Task description :: Print exactly the lines below between the line containing "1916-1925, 1916-23, from" and the line containing "Datcom Realm 8P8C", counting both of those lines. Leave pictures out.

Material for the task section start

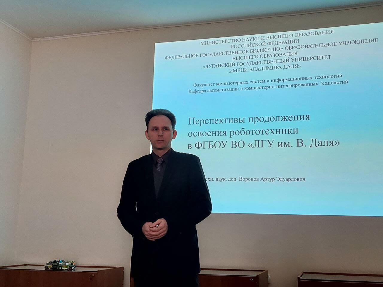 С перспективами продолжения освоения робототехники в процессе получения высшего образования на базе кафедры автоматизации и компьютерно-интегрированных технологий познакомил слушателей доцент кафедры Артур Эдуардович Воронов.
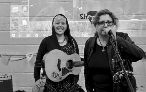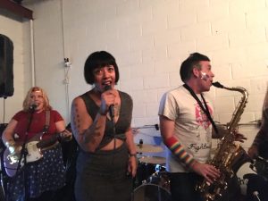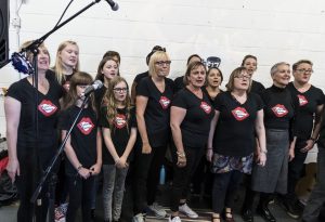 DAY 2: Auntie Maureen (DJ), Natural Voices Choir, Mariache17, Jessie Godwin, Shay Khan (as Shabsi Mann), Laurie MacNamee, Julie Usher, Kim Watson (compere), Chuck SJ Hay and Efa Thomas, Efa and Kim, the crowd and bar staff at the Wild Card.
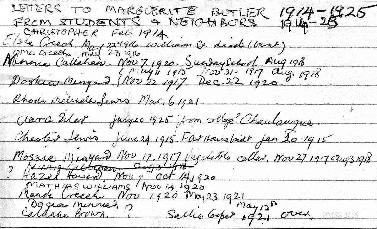 8. List of “Letters to Marguerite Butler, 1916-1925, 1916-23, from students & neighbors”
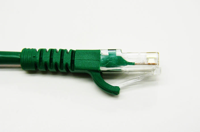 Datcom Realm 8P8C RJ45 paired Category C5e stranded green patch cable x 20 feet. Comes with easy squeeze moulded high density low profile snag-proof boots.
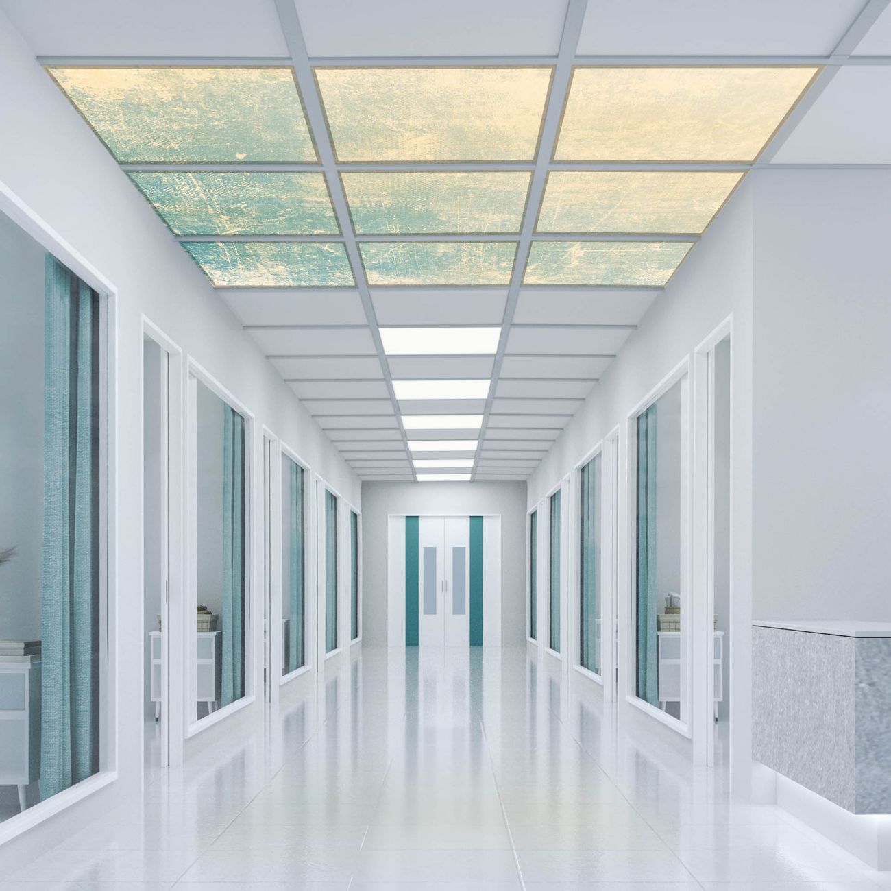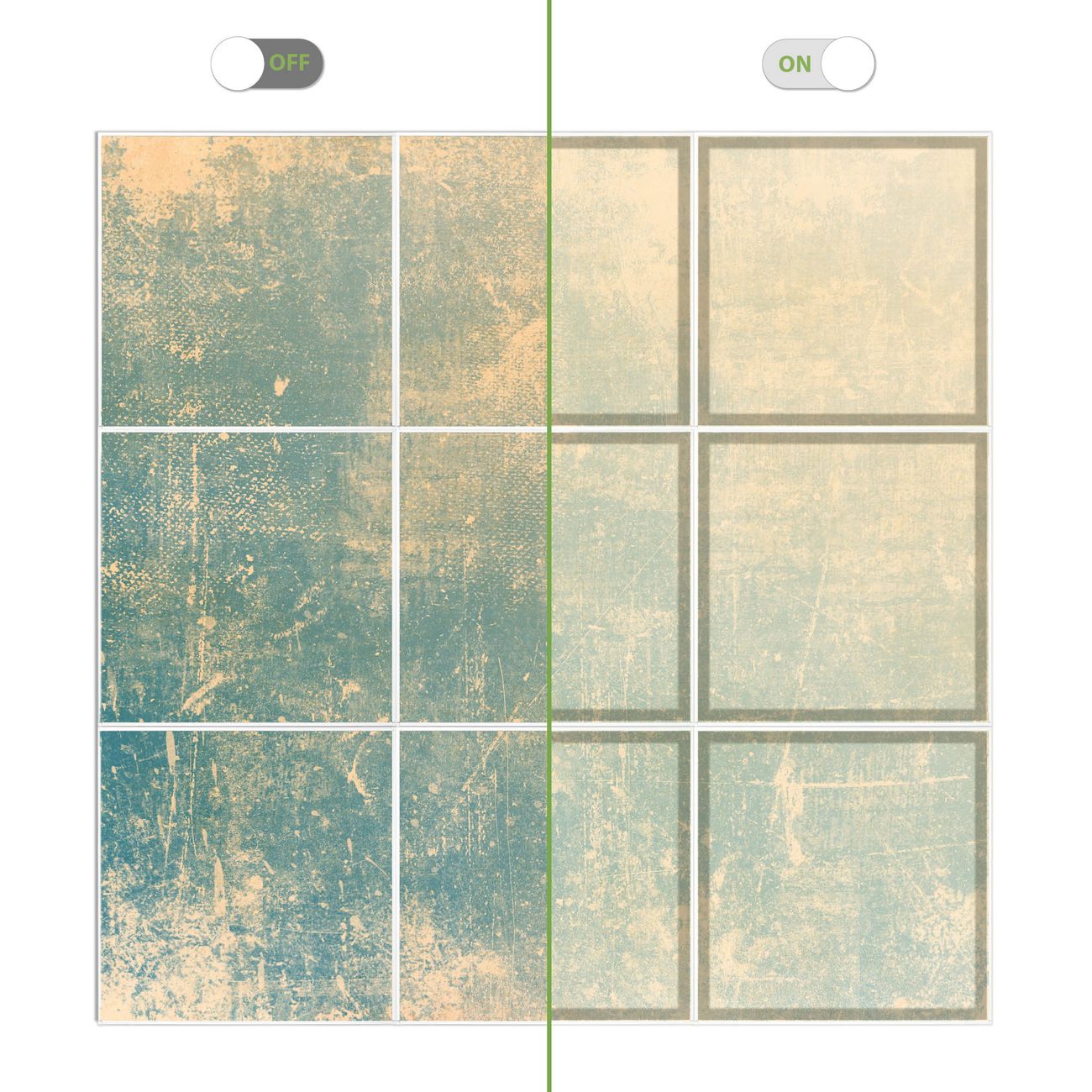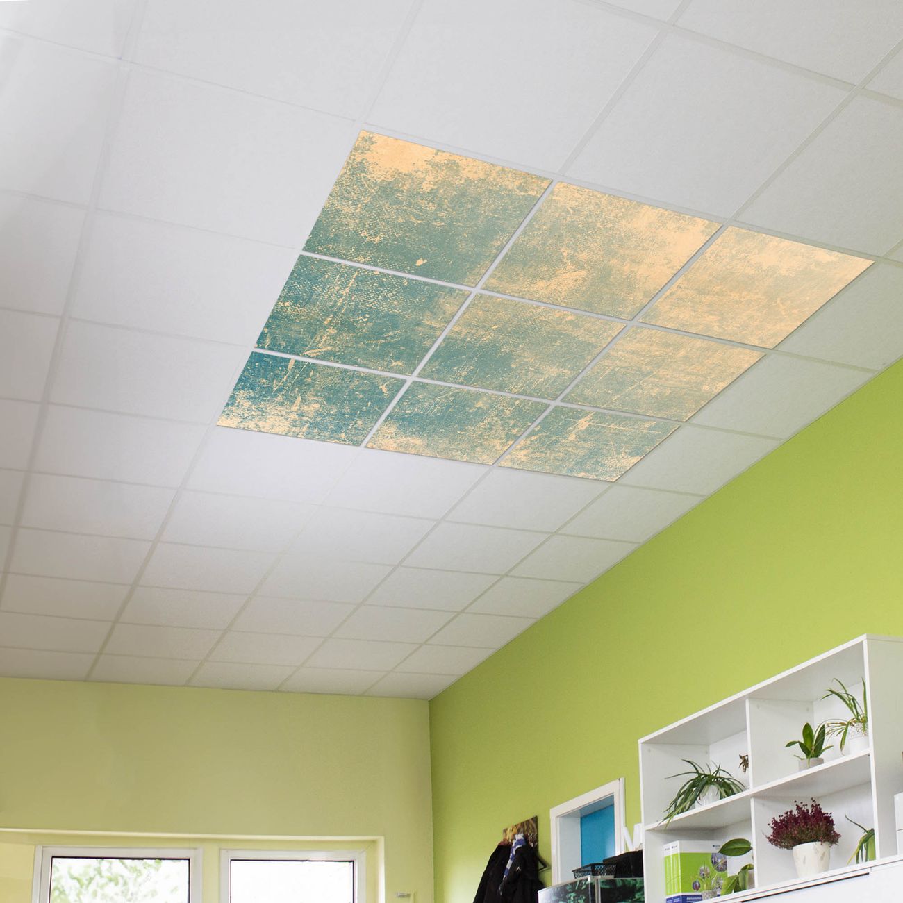 Entdecken Sie unsere vielseitigen Lichtdecken, hier in der Größe 186 x 186cm mit dem Motiv Motiv Patina Grün - Ihre Beleuchtungslösung für jede Umgebung Beleuchten Sie Ihren Raum nicht nur, sondern schaffen Sie Atmosphäre! Die banjado Lichtdecke verwandelt jeden Ort, ob zu Hause, in Praxen, Büros oder Studios in eine Wohlfühloase. Unsere einzelnen Elemente haben eine genormte Einheitsgröße von 62 x 62cm und können somit in jede gängige Rasterdecken verbaut werden. So finden Sie Ihre passende Ausführung: Gern helfen wir Ihnen, die passende Ausführung zu wählen. Hierfür muss die aktuelle Gegebenheit Ihrer Decke oder Wand beachtet werden. Haben Sie bereits eine Rasterdecke (auch Odenwalddecke genannt)? Hier bestellen Sie lediglich das Motiv + Beleuchtungspanel, denn beides wird in die bereits vorhandene Decke eingelegt. Haben Sie eine glatte Decke mit Lichtauslass oder möchten die Lichtdecke an der Wand befestigen? Hier bestellen Sie bitte Motiv + Beleuchtungspanel + Deckenbefestigung, eine Aufbauanleitung liegt immer bei. Die Lichtdecke kann sowohl an der Decke als auch an der Wand montiert werden, perfekt für kreative Lichtakzente oder alternative Beleuchtungslösungen. Haben Sie bereits eine Lichtdecke und möchten nur das Motiv wechseln? Hier bestellen Sie bitte nur Motiv, der Wechsel ist denkbar einfach. Der Aufbau Ihrer banjado Lichtdecke gestaltet sich unkompliziert, dank einer verständlichen Anleitung, die Ihnen Schritt für Schritt durch den Montageprozess hilft. Für die endgültige Installation und den sicheren Anschluss empfehlen wir die Hinzuziehung eines Fachmanns, um die optimale Funktion und Sicherheit Ihrer Beleuchtung zu gewährleisten. Falls Sie einen Fachmann für die Installation benötigen, geben Sie uns gern Bescheid, wir vermitteln Ihnen gern einen geeigneten Ansprechpartner aus Ihrer Nähe. Steuerung: Steigern Sie Ihr Beleuchtungserlebnis mit der nahtlosen Integration in Ihr Smart Home. Durch die Kompatibilität mit der SmartLife App, Alexa und Google Assistant wird Ihr Smartphone zur zentralen Steuerungseinheit. Ihr Handy fungiert hierbei sozusagen als Fernbedienung. Legen Sie individuelle Lichtszenen in der App fest, die bei Aktivierung über den Wand-Ein-/Ausschalter immer wieder abgerufen werden können ohne Handy. Mit der Szenenfunktion in der Smart App können Sie die Beleuchtung personalisieren und steuern, sodass sie auf Ihre individuellen Bedürfnisse, Tagesrhythmus und Stimmung zugeschnitten ist. Beispielsweise können Sie sich in der Morgendämmerung durch ein sanftes Licht wecken lassen oder das Licht der Praxis werktags um 7 Uhr automatisch einschalten lassen. Dieses kann dann natürlich auch zu einer bestimmten Zeit automatisch ausgeschaltet werden. Motivwahl: Diese einzigartige Lichtdecke zeichnet sich durch ihre Fähigkeit aus, die Lichtfarbe je nach gewähltem Motiv anzupassen - ein Baum wirft ein sanftes grünes Licht, während eine Wolkendecke Ihren Raum in ein beruhigendes blaues Leuchten hüllt. Berücksichtigen Sie dies bitte bei Ihrer Motivauswahl. Sie können das Motiv jederzeit ohne großen Aufwand austauschen, ob nach Jahreszeit oder anderem Anlass, unsere Auswahl lässt kaum Wünsche offen. Wir fertigen Ihnen gern eine personalisierte Lichtdecke mit einem eigenen Motiv oder Logo oder Foto, schreiben Sie uns jederzeit an. Technische Daten: Das Motiv ist auf einer 4mm starken Acrylglas Scheibe aufgebracht, das Gesamtgewicht Ihrer Ausführung beträgt 39,9kg. Die Farbtemperatur lässt sich frei einstellen von 3000 bis 6000 Kelvin, damit können Sie stufenlos zwischen warmweiß, neutralweiß und kaltweiß wählen. Die Gesamtleistung bei Ihrer gewählten Ausführung beträgt 360W. Der Lichtstrom beträgt 3600 Lumen, die Nennspannung 230 V. Die Lichtdecke ist mit Schutzart IP20 für den Innenbereich konzipiert und sollte nicht im Nassbereich verwendet werden.
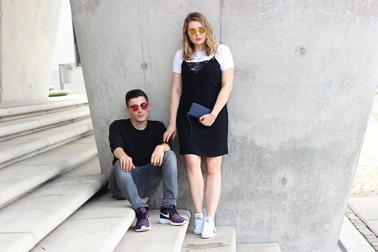 blogger couple fashionblog footlocker eu footlooker kleid über shirt modeblogger nike patchjacke reebok sneakers spaghettikleid strapdress streetstyle thisisclassic
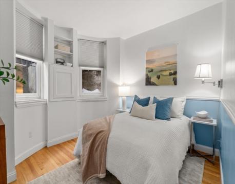 Situated across from Sparrow Park, this first and lower floor duplex will win you over for its coziness and charm. A private entrance leads to a welcoming foyer with hardwood floors and exposed brick. A little further, you will discover a light-filled primary bedroom with a tastefully designed en-suite bathroom. Hosting a guest is feasible with the versatile second bedroom and its adjacent modern bathroom, which could also be used as an office or den. The lower floor features an open - concept layout with many built-ins, a stunningly renovated kitchen with Bosch appliances, a desk nook, and a delightful bay window with a seating area that overlooks the private courtyard, accessible through the unit or the parking lot. Additional features include a water-source heat pump, central air-conditioning, a brand new in-unit washer/dryer, and ample closets. This quaint pied-à-terre is set in an ideal South End location, within proximity to a plethora of amenities.
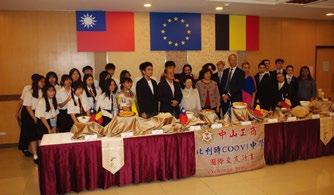 Olivier Dumoulin成果發表會介紹師生特製風味濃郁、口感獨特比利時鬆餅, 比國學生分組端出麵線糊、蔥油餅等美食飲品,發表台式餐食實作課程學習成 果,感恩歡送餐會中山工商餐飲科師生精心準備XO醬炒蝦仁鮮魷、檸檬風味蒸
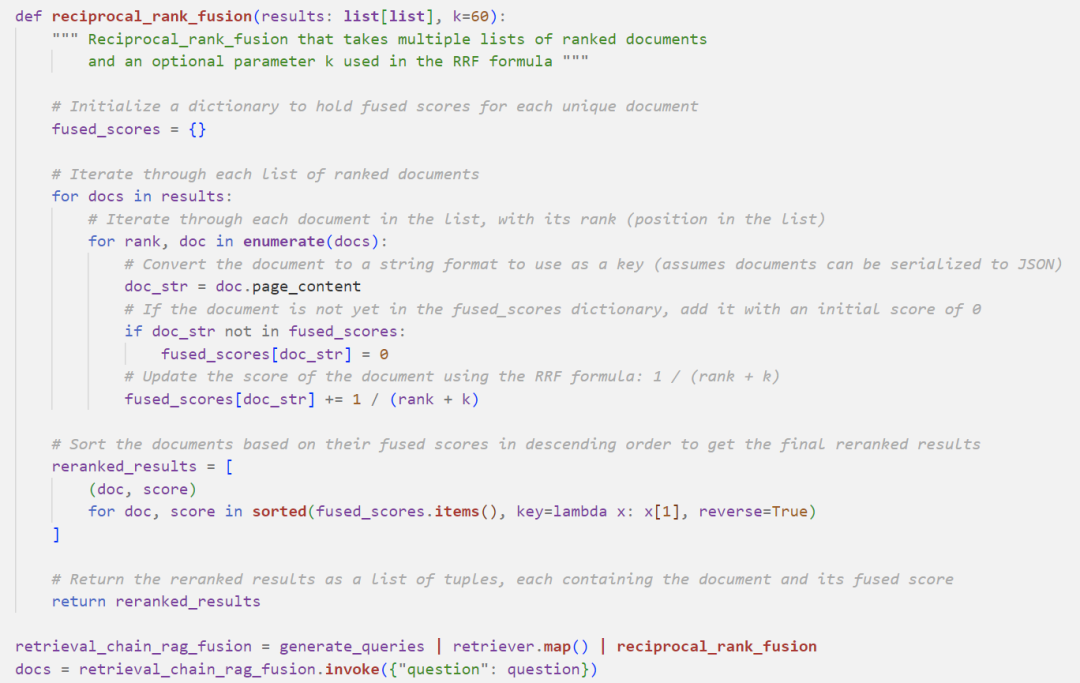 这里我将实现一个简单的 Reciprocal Rank Fusion (RRF) 检索过滤方法:
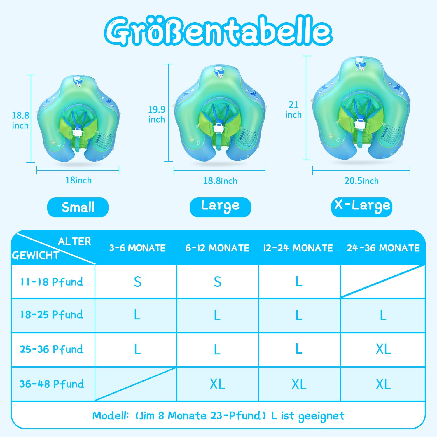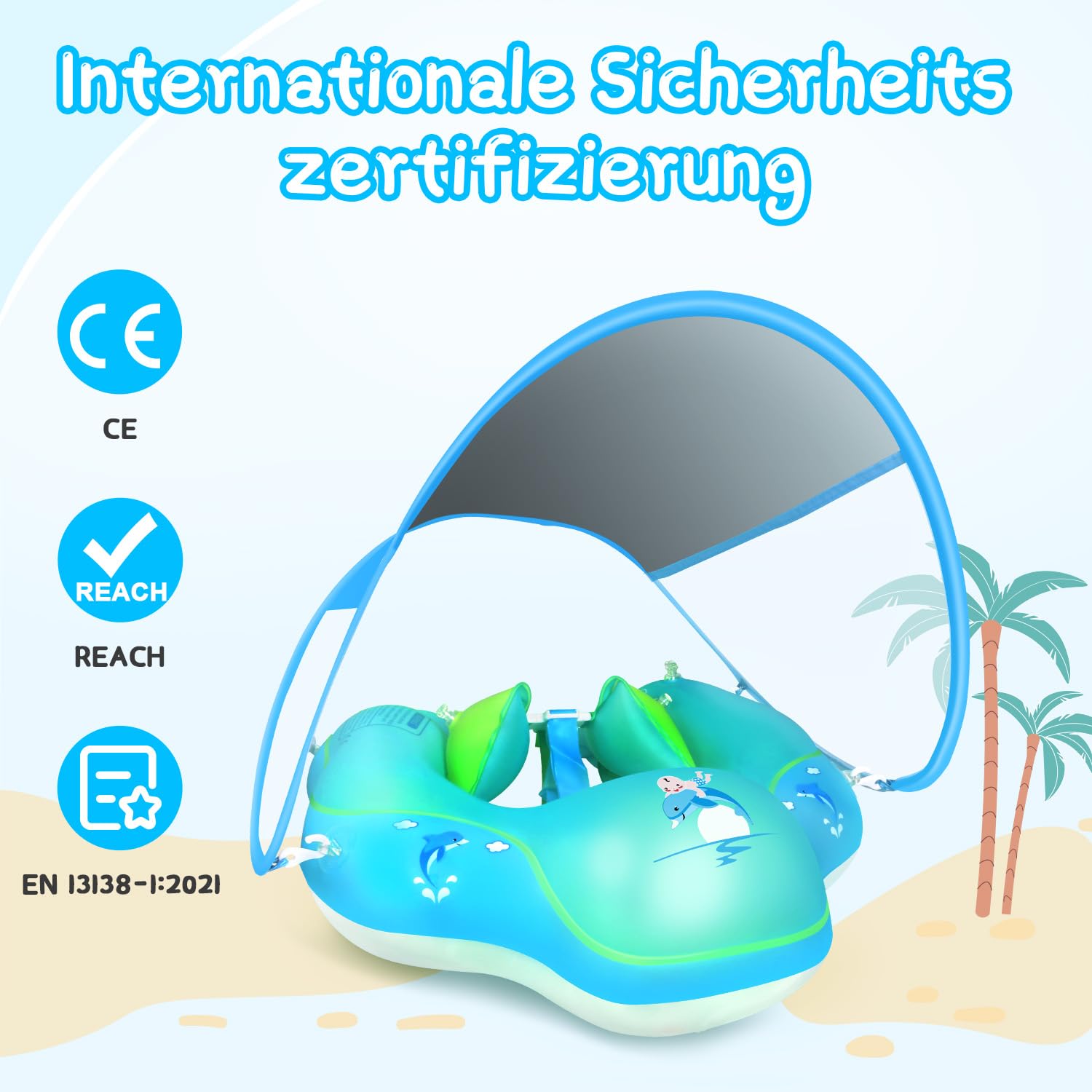 ["【With Sun Canopy UPF50+】The baby swim ring comes with a removable/adjustable sun canopy that can be adjusted from 0°-60°-120°, with UPF50+ protection to shield your baby's skin from the sun in every way. Please note: The sunshades are a gift and can only be used on the shore.","【Anti-Tip Design】The LAYCOL baby swim ring is a dual-layer inflatable structure for excellent buoyancy/stability in the water, preventing your baby from tipping or sliding forward and improving swimming comfort. The bottom has an adjustable safety strap and is suitable for babies of all sizes from 3 to 36 months.","【Safety Material for Babies】Tested according to the latest standard EN 13138-1:2021. Baby Swim Float is made of durable PVC material and complies, making it 100% safe, non-toxic, and friendly on baby's skin.","☀【How to Choose the Size】Recommended for weight 11-24 lbs, 3-7 months (Size S); weight 13-38 lbs, 5-18 months (Size L), weight 28-48 lbs, 18-36 months (Size XL), or you can contact us, we will recommend the size for your baby.","【Attention】This is a swimming aid and should only be used under adult supervision. Do not use in a child's standing depth. To prevent excessive expansion, please check the inflation saturation to about 90-95%."]
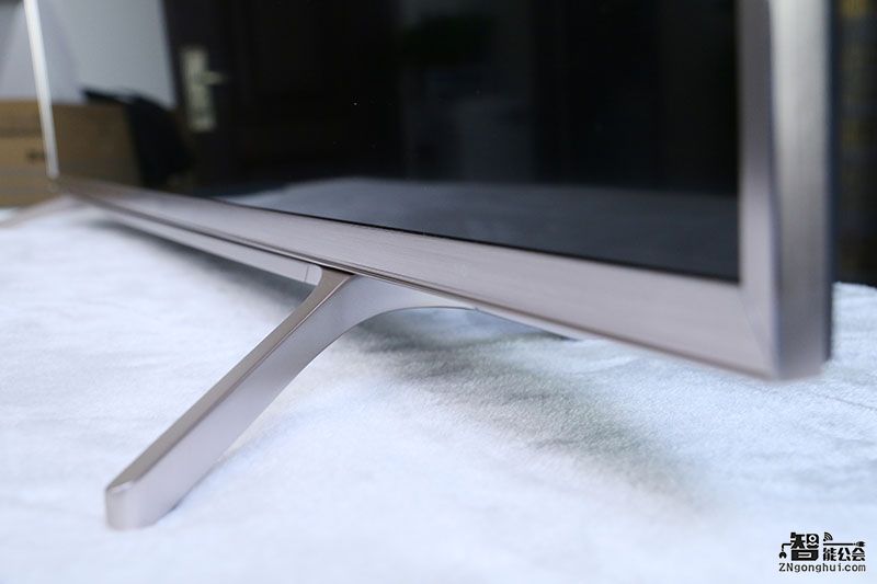 首先我们来说说颜值,在这个方面虽然具有一定的主观性,你喜欢的不见得是我喜欢的,不过大家都喜欢的肯定就能说明颜值自然也不低。我们测试的这款海信电视采用了北欧极简设计理念,超窄的边框仅有0.8厘米宽,1.2厘米厚,让人的眼球全部集中到液晶屏幕中。从侧面开,机身也采用超薄的设计,无论是边框还是背板都采用了拉丝金属,品质感十足。
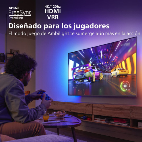 • EXCELENTE PARA VIDEOJUEGOS: Este televisor inteligente y delgado cuenta con un modo de baja latencia automático y compatibilidad con HDMI VRR y HGIG para un juego súper receptivo y ultra fluido, mientras que el modo de juego de Ambilight te transporta directamente a la acción.

Material for the task section end

Completed task ::
 8. List of “Letters to Marguerite Butler, 1916-1925, 1916-23, from students & neighbors”
 Datcom Realm 8P8C RJ45 paired Category C5e stranded green patch cable x 20 feet. Comes with easy squeeze moulded high density low profile snag-proof boots.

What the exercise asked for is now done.